» **DATA BELOW**
Content starts

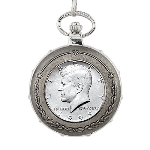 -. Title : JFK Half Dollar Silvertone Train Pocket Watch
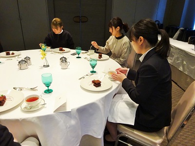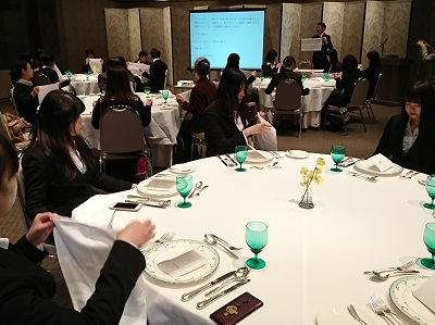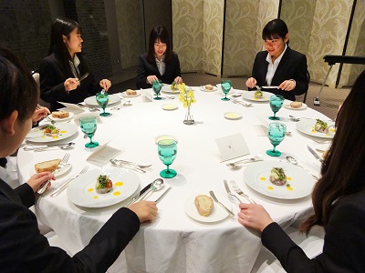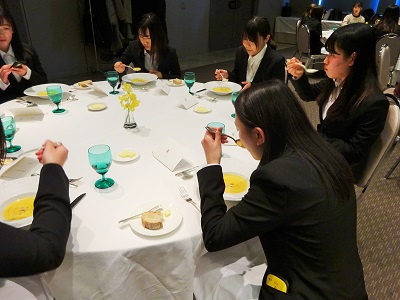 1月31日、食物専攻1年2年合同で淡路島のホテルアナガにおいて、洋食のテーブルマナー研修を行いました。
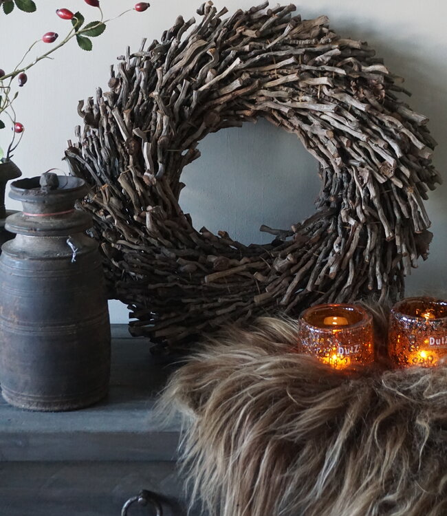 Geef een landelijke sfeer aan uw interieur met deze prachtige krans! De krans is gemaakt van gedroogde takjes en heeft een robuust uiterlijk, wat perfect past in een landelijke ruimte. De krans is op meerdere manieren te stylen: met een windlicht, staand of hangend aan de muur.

Content ends

» **WHAT IS NEEDED**
Every line of the listing is to be retyped exactly; pictures stay out.

» **ANSWER SECTION**
 -. Title : JFK Half Dollar Silvertone Train Pocket Watch
 1月31日、食物専攻1年2年合同で淡路島のホテルアナガにおいて、洋食のテーブルマナー研修を行いました。
 Geef een landelijke sfeer aan uw interieur met deze prachtige krans! De krans is gemaakt van gedroogde takjes en heeft een robuust uiterlijk, wat perfect past in een landelijke ruimte. De krans is op meerdere manieren te stylen: met een windlicht, staand of hangend aan de muur.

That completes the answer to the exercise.